Now I’ve got your attention, the situation can actually be saved…
Our main goal for v8 (in Turkish) was to balance the dataset - while increasing text & voice corpora. Therefore, in our campaign, we emphasized the importance of demographic data.
This is from v7.0 dataset:
And this is from the new v8.0:
These are from validated.tsv record distributions. As you can see records without demographic data increased, despite our efforts (see blank rows/columns).
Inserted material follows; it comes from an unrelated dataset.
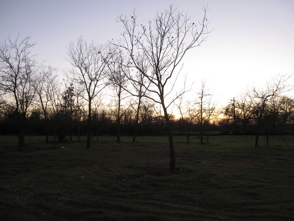 The bare branches of trees are seen as dark silhouettes against a light, cloudless sky.

This is already an issue in CorporaCreator, see:
In v7.0 Turkish dataset we had 26 such persons affecting 1,327 recordings, in v8.0 this increased to 79 persons and 10,577 recordings !!!
Two possible causes:
-
The following bug caused deletion of demographic data, I was alert on that and it happened:
https://github.com/common-voice/common-voice/issues/3353 -
CV kicked people out many times a day after the server upgrades in late October. People might be tired of logging in and kept recording without logging.
I calculated 16.73% of the above 32.36% in the v8.0 dataset can be corrected, leaving only 15.63% without actual demographics (these numbers are for gender, but should be similar for age).
Please be aware of this if you are using demographic info in your own splits/trainings.
To remedy:
- Issue in CorporaCreator should be resolved (it’s effect is cumulative).
- Less automatic logouts
- Easier login system (see: https://github.com/common-voice/common-voice/issues/3393)
- Warn your community to re-check/re-fill their demographics info.